The exhibition I was honored to work on at the Wilton House Museum is based around an excavation in 1998 by William & Mary archaeologists, who uncovered the material record of the lives of nearly a century of enslaved families. This excavation recovered not only the most important available tool for understanding daily life at Wilton, but the largest collection of objects associated with Wilton’s original location in existence.

“Wilton Uncovered: Archeology Illuminates an Enslaved Community,” displays this collection for the first time alongside Dennis Winston’s poignant artistic renderings of the community that used, loved, broke, resented, played with, and discarded the artifacts.

Explorers Studio designed and implemented Wilton Uncovered’s amazing exhibition design as well as the branding of the exhibition logo.

The Challenge

My challenge was to develop a website that accurately depicted this exhibition design and gave visitors a sense of the movement that someone would experience as they walked through the gallery.

Katie Watkins, the Director of Education at Wilton, told me her biggest wish with the website was to incorporate the three different angles of the exhibit: the history, the art, and how to connect those to today.
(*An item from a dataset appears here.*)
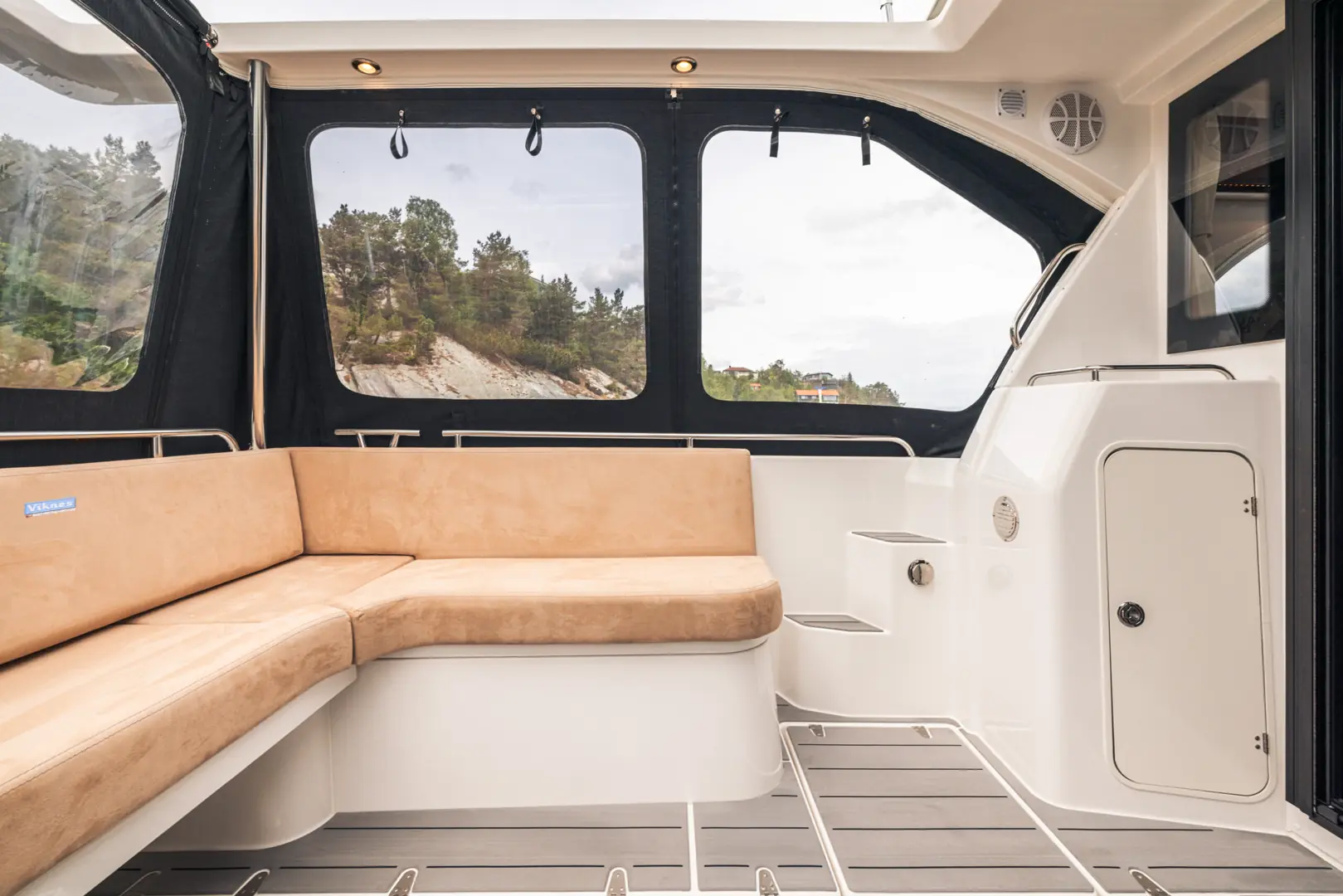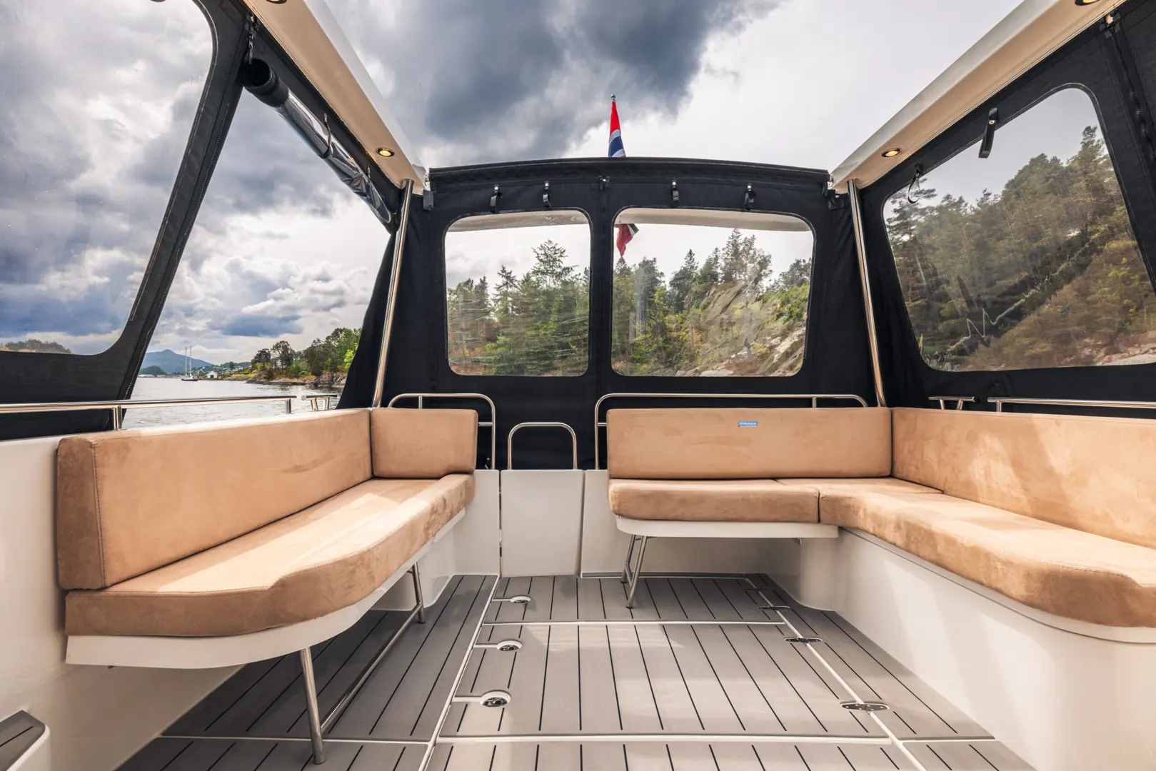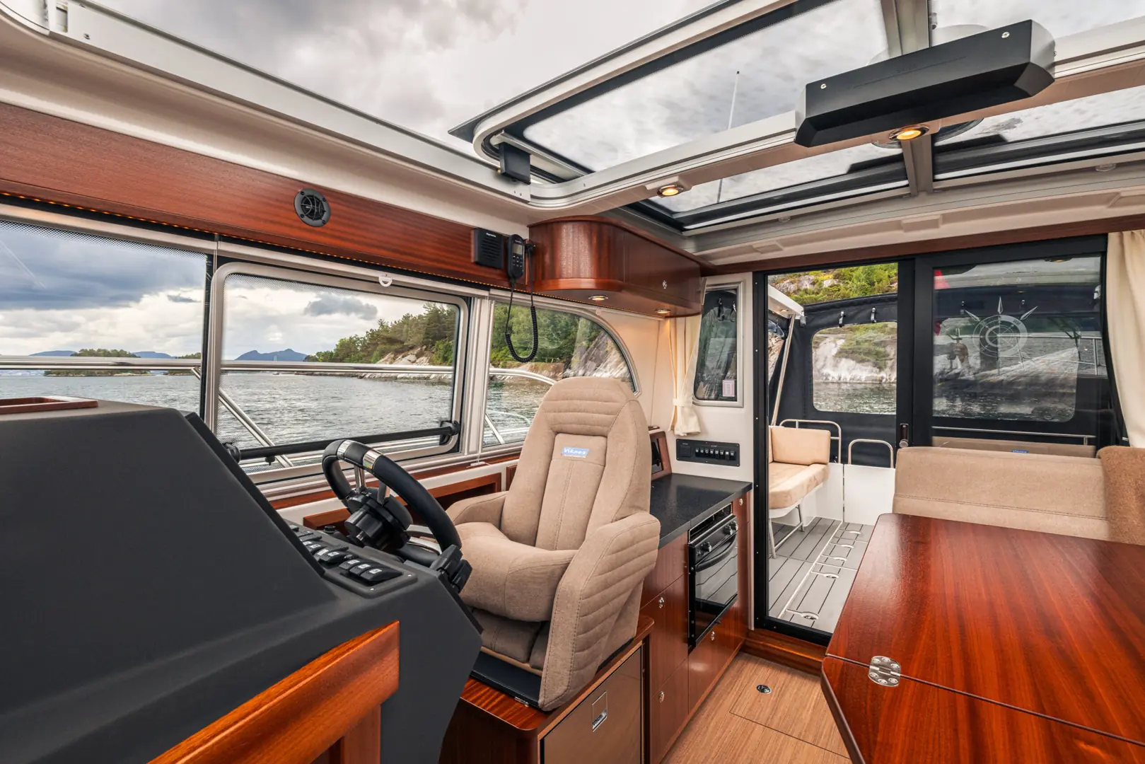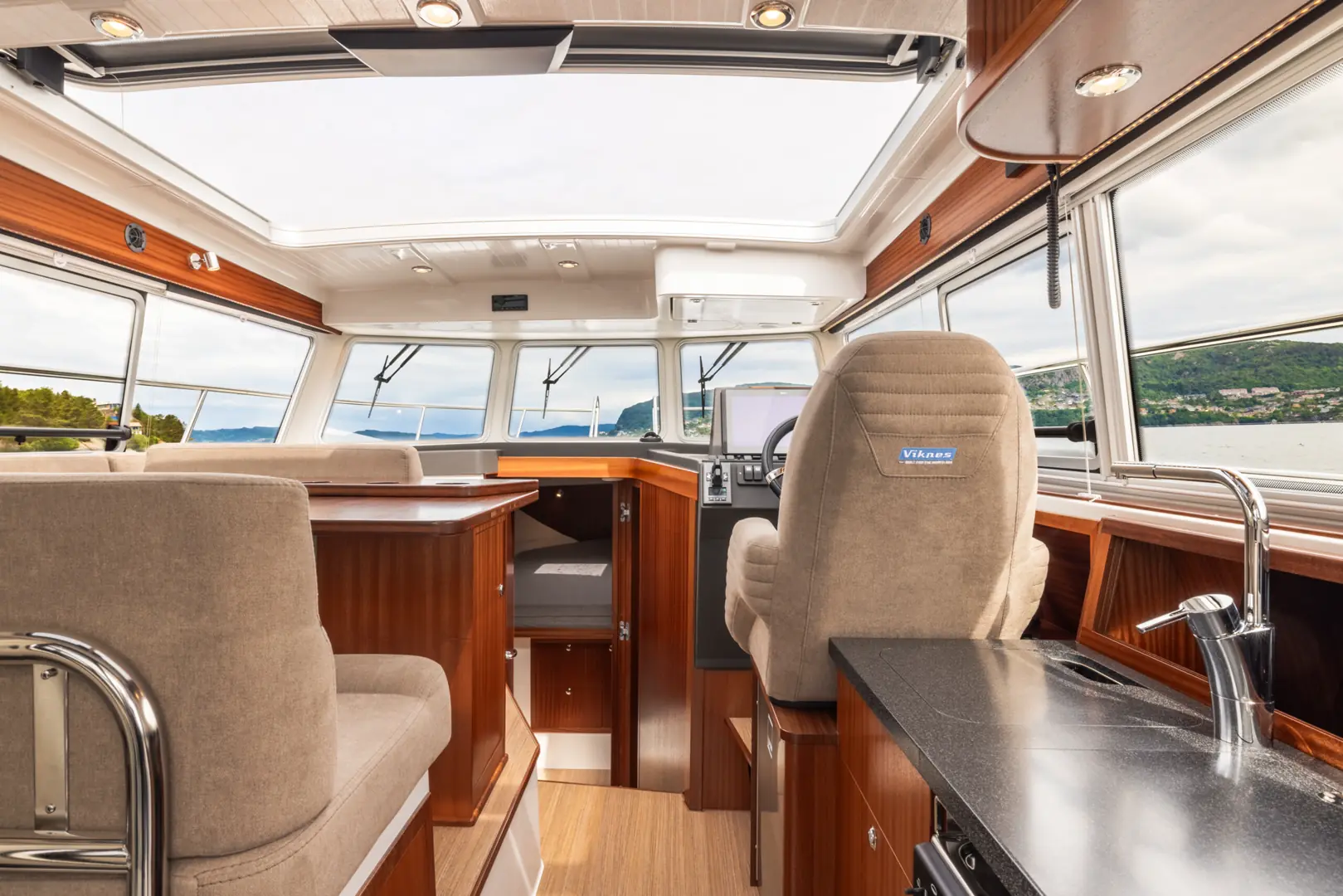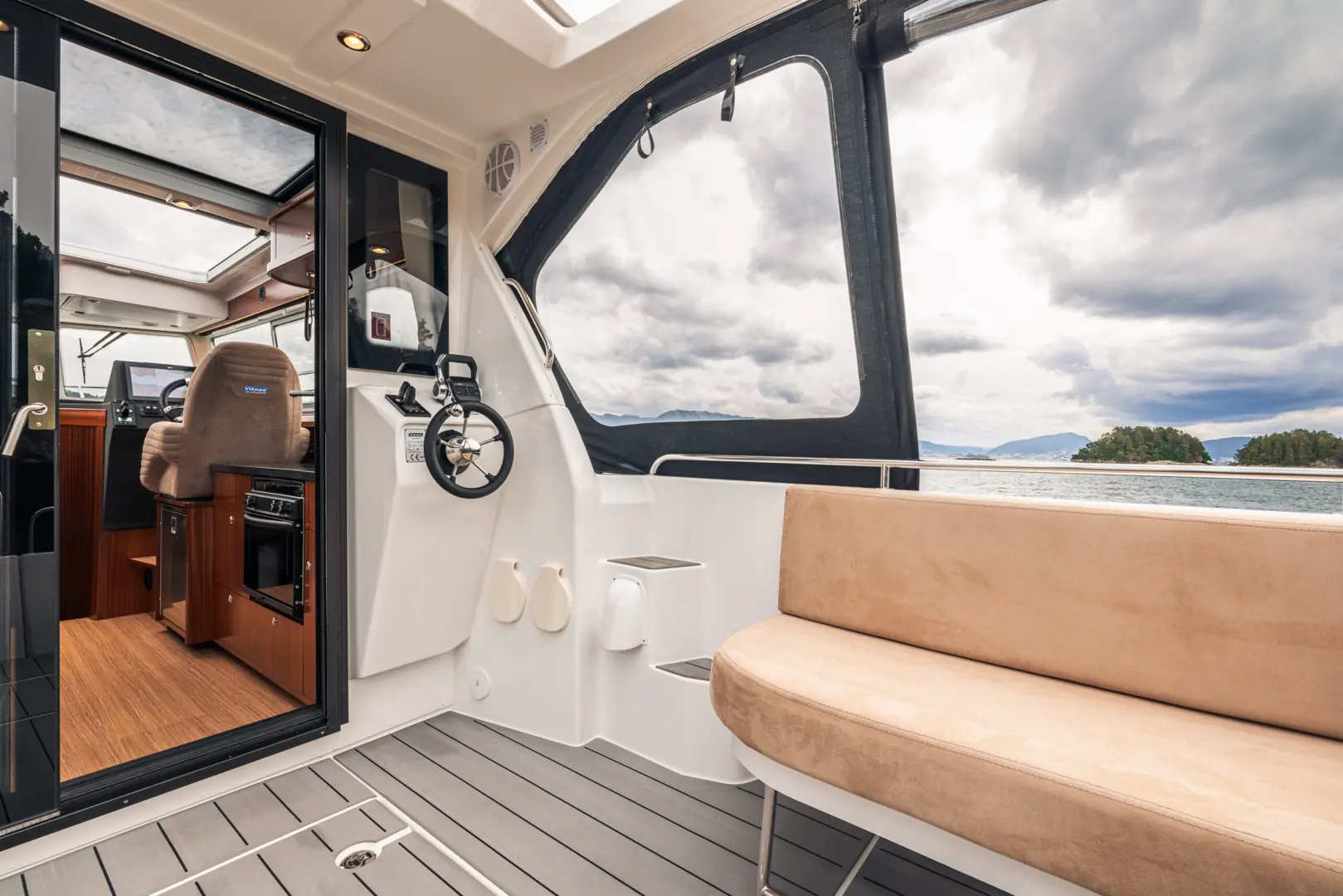 På tross av den gode størrelsen er Viknes 1030 enkel å styre: en utvendig styreposisjon og baugpropell er bare noe av det du får i den innholdsrike standard utstyrspakken. Båten kan snus på en femøring, og enkelt og sikkert legges til i enhver havn. Vårt akterdekk i særklasse lar deg nyte solen til fulle, og den elektriske uttrekkbare kalesjetaket sørger for at du aldri er i beit for oppholdssteder.

Here’s the catch: how do you accurately depict 60 unique historical artifacts, all with different descriptions and categories in one website, where they all are able to be interacted with as if you were to read the little plaques at the physical gallery itself?

Getting organized

To begin, Katie sent us the scanned files and photographs of all artfacts and we made a big spreadsheet of all 60 artifacts!

 

After researching similar exhibitions and historical museums, we sketched out a dynamic one-page scrolling exhibition based on the main display banners that were in the museum itself.

Initial Brainstorming

After laying out all the artifacts and photographing them, we were able to see which artifacts needed to belong in each section. Jillian and I debated back and forth the best way to show off the artifacts since the artifacts display would be the most complicated–and most crucial–part of the virtual exhibition.

After a bit of technical research, we decided that a lightbox with transparent artifacts would be the most effective and interactive way to show off each section. I worked with a developer to create a custom lightbox solution, since the premade in-the-box products did not have the capabilities we needed.

Figma wireframes of the initial virtual exhibition design.

I collaborated with Jillian and Katie on the overall look and feel of how the exhibition feels when you walk through it to help the digital rendition feel as realistic as possible.